Interlude: Checkout the Example Project (with ParseKit Dependency)

OK, time to checkout the ParseKit MiniMath Example project. This project includes ParseKit as submodule, and an iOS app target which embeds and links to ParseKit. If you are creating your own app which uses ParseKit, follow these instructions for embedding ParseKit in your app target.

Generating Parser Source Code

Now that our MiniMath grammar is complete, we can use ParseKit to generate Objective-C source code for our parser.

Open the MiniMath Xcode project, then select and run the ParserGenApp target.

ParserGenApp is actually a target in the embedded ParseKit sub-project, and is the way you convert your ParseKit grammars into Objective-C source code.

Paste the MiniMath grammar into the large text area at the bottom of the ParserGenApp window, and select the options shown below.

ParserGenApp

Click the Generate button and notice that MiniMathParser.h and MiniMathParser.m files have been created, and appear on your Desktop. Normally, you'd need to drag these source code files into your app's Xcode project, but in the case of MiniMath, I've included the files already (cooking show style!).

Produced Files

Run the MiniMath Example iOS App

Back in Xcode, switch to the MiniMath target. This target is an example iOS app with an Input textfield, Calc button, and a Result textfield:

MiniMathApp

Here's the implementation of the -calc: Action attached to the Calc button, showing how to use the MiniMathParser we just created:

- (IBAction)calc:(id)sender {
    NSString *input = _inputField.text;

    MiniMathParser *parser = [[MiniMathParser alloc] init];

    NSError *err = nil;
    PKAssembly *result = [parser parseString:input 
                                   assembler:nil 
                                       error:&err];

    if (!result) {
        if (err) NSLog(@"%@", err);
        return;
    }

    // print the entire assembly in the result output field
    _outputField.text = [result description];
}

Run the app (make sure you've selected the iPhone Simulator as your run destination), and you'll see the input field is pre-populated with an example expression.
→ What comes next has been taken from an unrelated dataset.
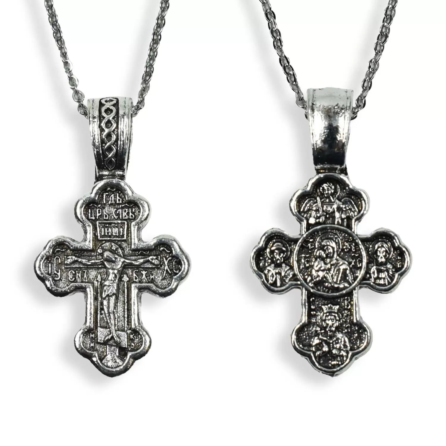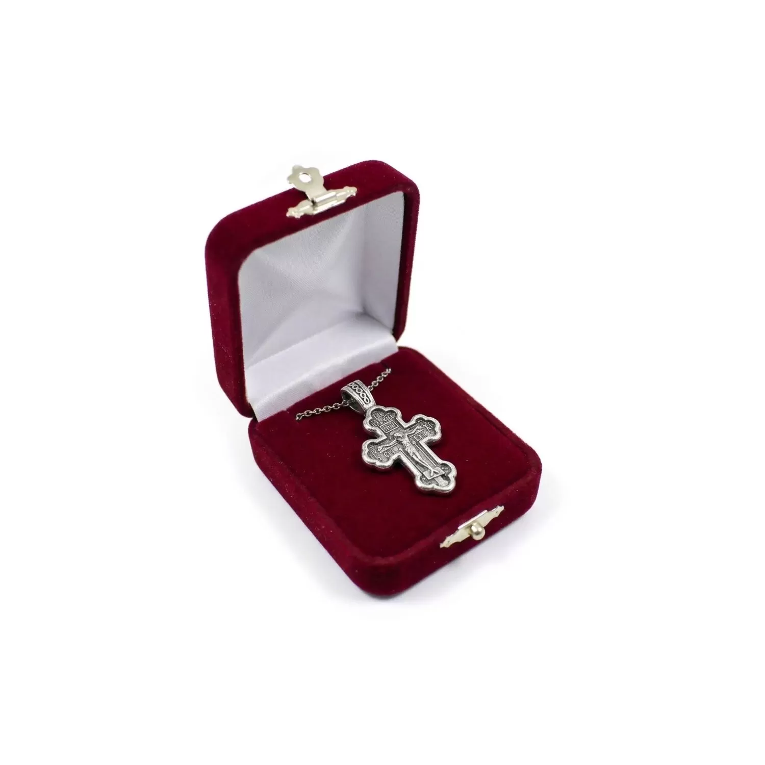 Ένα κόσμημα βαθιάς πνευματικής σημασίας, αυτός ο σταυρός φέρει ανάγλυφη την παράσταση του Εσταυρωμένου Χριστού, υπενθυμίζοντας τη θυσία και την αγάπη Του για τον άνθρωπο. Κάθε λεπτομέρεια είναι φιλοτεχνημένη με σεβασμό στην ορθόδοξη παράδοση, είναι ένα σύμβολο πίστης και προστασίας. Συνοδεύεται από διακριτική αλυσίδα, έτοιμος να φορεθεί και να αποτελέσει προσωπικό φυλαχτό.
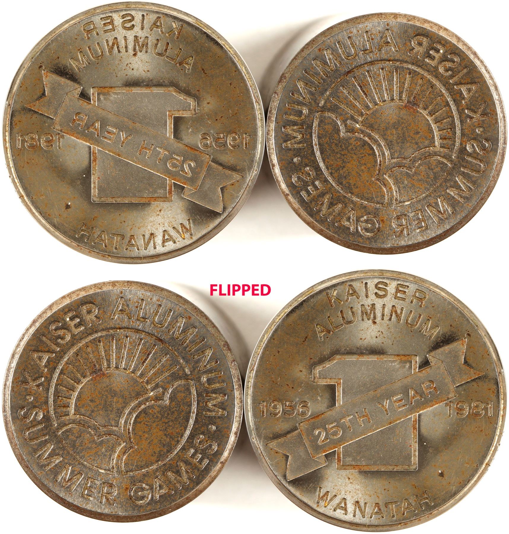 Kaiser Aluminum, Wanatah; 25th year design; 1956-1981 anniversary token die. Kaiser Aluminum, Summer Games; design of sun and clouds. NWT Mint Historical Die Collection. City: State: Date: HWAC# 80027

Click the Calc button to compute and display the result:

MiniMathApp

This displayed result deserves a bit of explanation.

The result of the -[MiniMathParser parseString:assembler:error:] method is an assembly object of type PKAssembly described earlier. Again, an assembly is intended to be a convenient place to examine recently-matched tokens as well as store temporary work as the parse executes.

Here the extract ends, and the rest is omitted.